How Cornell transformed a life
In 1966 while on a junior year Cornell study abroad program at a Gandhian ashram college in Ahmedabad, India, I joined my Gujarati classmates for hours each day, sitting on a little prayer rug in a huge meditation hall dominated by a large cutout representation of Mahatma Gandhi. I asked, what is meditation? They could not answer—they said, just sit and spin on your charkha, or spinning wheel.
The thread of this question carried through my life after college, into graduate school at Columbia University, and into a zendo hall at San Francisco Zen Center. I found mindful awareness and compassion practices settled my jangled body and mind, clarified my intellect, and brought simple contentment and joy. I committed to these practices as the cornerstone of my personal and academic life.
In late 1977 I came to teach religious studies with a specialty in Indo-Tibetan Buddhism at Naropa University in Boulder, Colorado, the pioneer of merging mindfulness with western academic and artistic disciplines. Naropa was a start-up in those years, breathtaking and edgy, joining Beat poets like Allen Ginsberg and scientists like Buckminster Fuller with Buddhist meditation masters like Chogyam Trungpa, Rinpoche. I became one of the founders of the year-round programs, and have been here ever since. My academic friends thought I was crazy. My Buddhist friends thought me impossibly nerdy. As for me, I knew I had found a home.
Naropa became the incubator for a new kind of education; one that fosters first-person inquiry as a way to ground learning in direct experience. I teach Sanskrit Buddhist texts and meditation and Tibetan tantra, with a specialty in the dakini, the elusive feminine goddess symbol of esoteric wisdom. I also teach interreligious dialogue, compassion meditation and neuroscience, Buddhist theology, and contemplative pedagogy workshops for faculty.
All of this began at Cornell College, a place that fostered curiosity, the adventure of learning about myself and the world, and encouraged me to explore, question, and deepen my trust in our fundamental humanity. In this time of increased anxiety about alumni employment, student debt, and the survival of small liberal arts colleges, Cornell has an important role in cultivating this trust in our fragile world. Only then can we, together, find the creative solutions that will build global community and peace.
Cornell has been my family’s college. My parents Blanche Gabrielson Simmer ’44 and Bill Simmer ’44 fell in love while leading the International Relations Club in the ’40s, when Dad—on a ministerial deferment—was one of the only men left on campus during the war.

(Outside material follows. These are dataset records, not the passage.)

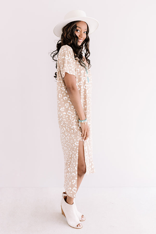 Stun the crowd with our stunning neutral hued "Sincerely Chic" midi dress featuring lightweight material with a white leopard print, a high rounded neckline, short loose sleeves, and an ultra relaxed silhouette that falls into a straight high/low mid-calf length hemline with accent side slits! We have styled this gorgeous piece with some turquoise statement jewelry and a white wedged bootie, crossbody, and faux suede hat, but you can also wear it layered under a cropped jean jacket with our white "Flake Slip On Sneaker!" Measurements
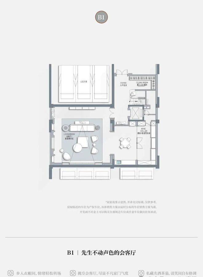 从容抵达步入地下会客厅,转角衣帽间换一身便服,轻松切换身份情绪
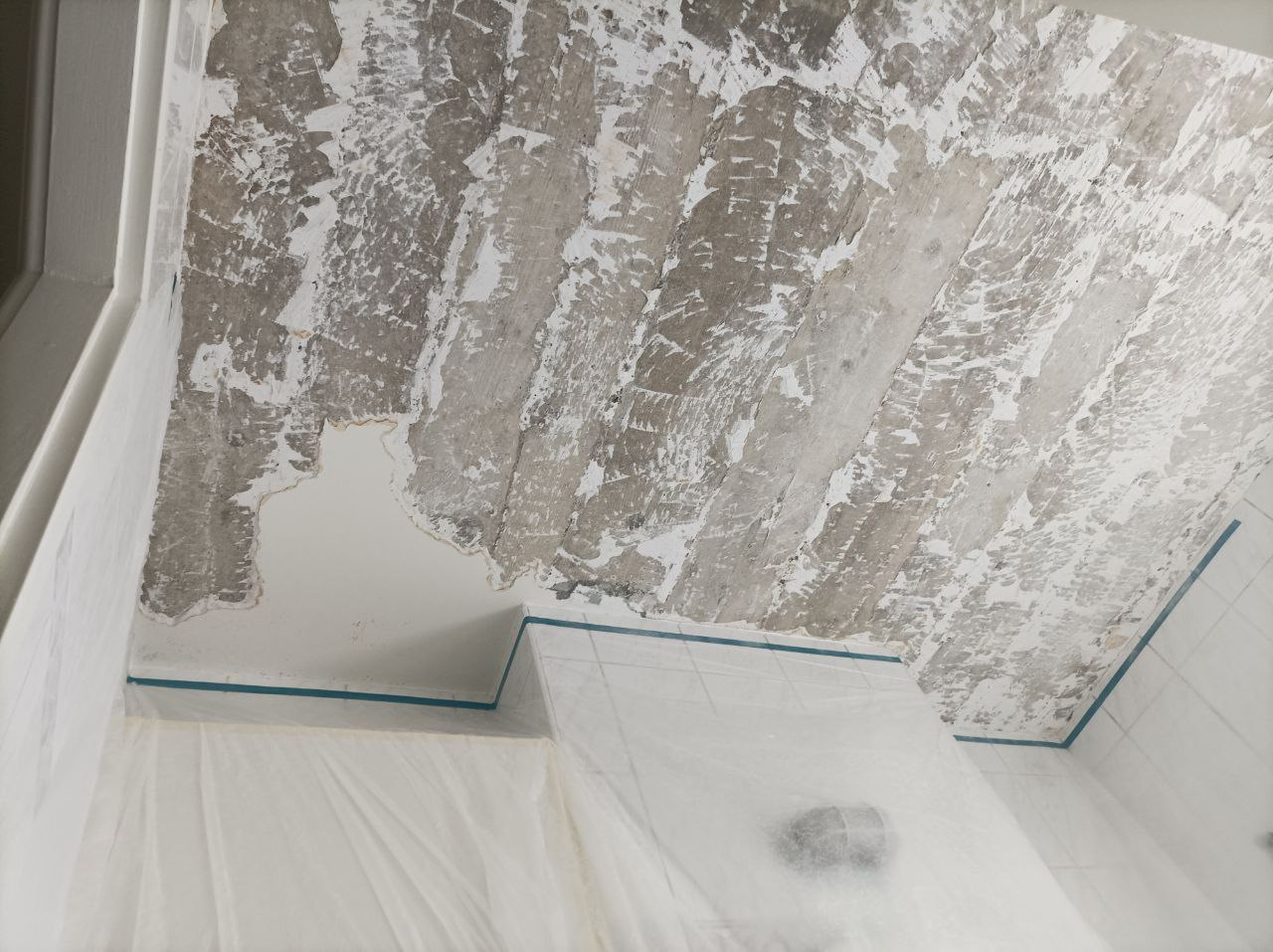 Dans les salles de bains, l’humidité est importante avec les vapeurs d’eau qui dépose des gouttelettes d’eau sous les plafonds. Quand il s’agit de plafond en plâtre, il est important de contrôler s’il n’y a pas de microfissures laissant passer les infiltrations d’eau qui détériore le plâtre.

I was the first among my siblings to attend, followed the next year by my brother Steve Simmer ’69, and a few years later by my brother Scott Simmer ’73. They have both gone on to do exceptionally creative work in psychotherapy and law. Scott is now a Cornell Trustee. I often think of my life beginning the day I arrived on campus, straight from Nebraska—with the combined magic of tight-knit community, the love of learning, engaging course offerings, and study abroad.
Now, as I teach at another small liberal arts college, I consider myself continuing Cornell’s legacy, but adding the first-person inquiry dimension that mindful awareness and compassion practices from the Buddhist tradition bring.
Judith Simmer-Brown, Ph.D., is Distinguished Professor of Contemplative and Religious Studies at Naropa University in Boulder, Colorado. She is an Acharya (senior dharma teacher) of the Shambhala Buddhist lineage of Naropa University’s founder. She lectures and writes on Tibetan Buddhism, American Buddhism, women and Buddhism, interreligious dialogue, and contemplative education. She teaches contemplative pedagogy workshops to college and university faculty nationally. Her books are “Dakini’s Warm Breath: The Feminine Principle in Tibetan Buddhism” (Shambhala 2001) and, with Fran Grace, an edited collection of articles called “Meditation and the Classroom: Contemplative Pedagogy for Religious Studies” (Religious Studies Series, SUNY, 2010). She was a William Fletcher King scholar at Cornell College, where she was a double major in history and religion. She is married to Richard Brown, a Naropa professor, and they have two adult children and three grandchildren.